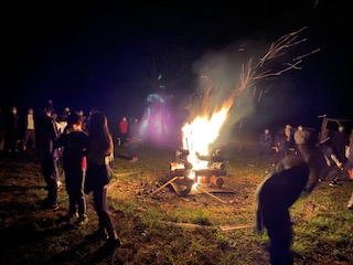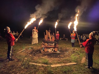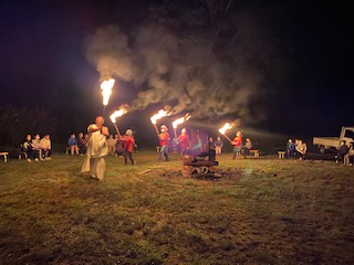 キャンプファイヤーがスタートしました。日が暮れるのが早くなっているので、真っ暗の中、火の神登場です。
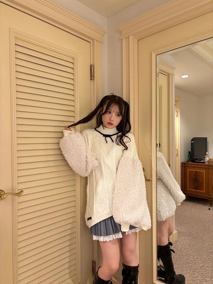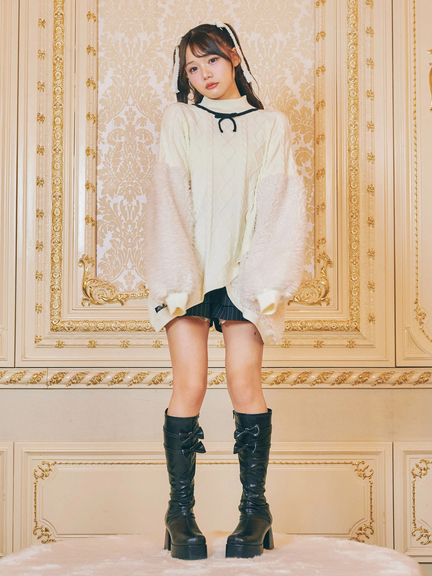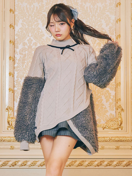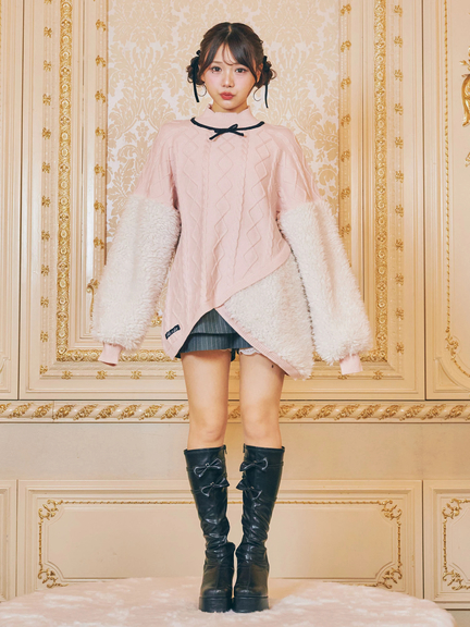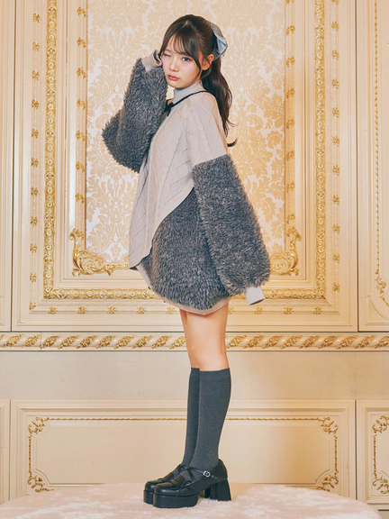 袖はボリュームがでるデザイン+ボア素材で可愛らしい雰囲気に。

--------

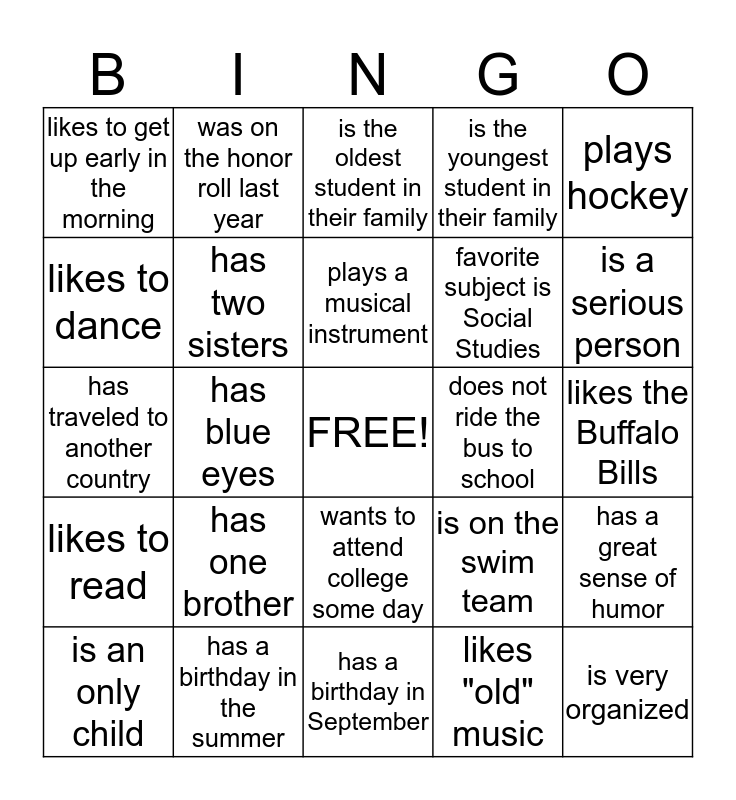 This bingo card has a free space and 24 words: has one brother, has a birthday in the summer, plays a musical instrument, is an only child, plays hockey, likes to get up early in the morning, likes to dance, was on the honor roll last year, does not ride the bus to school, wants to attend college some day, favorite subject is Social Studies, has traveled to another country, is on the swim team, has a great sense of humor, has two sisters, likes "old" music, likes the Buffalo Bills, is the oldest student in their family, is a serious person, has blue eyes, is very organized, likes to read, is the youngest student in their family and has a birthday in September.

--------

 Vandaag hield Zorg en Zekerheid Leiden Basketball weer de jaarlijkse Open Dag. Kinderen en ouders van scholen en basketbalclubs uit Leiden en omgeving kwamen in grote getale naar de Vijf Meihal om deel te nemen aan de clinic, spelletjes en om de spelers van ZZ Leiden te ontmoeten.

--------

▶ **TASK DIRECTIONS**
Nothing but the lines above from the one that has "キャンプファイヤーがスタート" down to the one that has "袖はボリュームがでるデザイン+ボア素材で可愛らしい雰囲気に。" belongs in the answer, copied exactly, without pictures.

▶ **SOLUTION**
 キャンプファイヤーがスタートしました。日が暮れるのが早くなっているので、真っ暗の中、火の神登場です。
 袖はボリュームがでるデザイン+ボア素材で可愛らしい雰囲気に。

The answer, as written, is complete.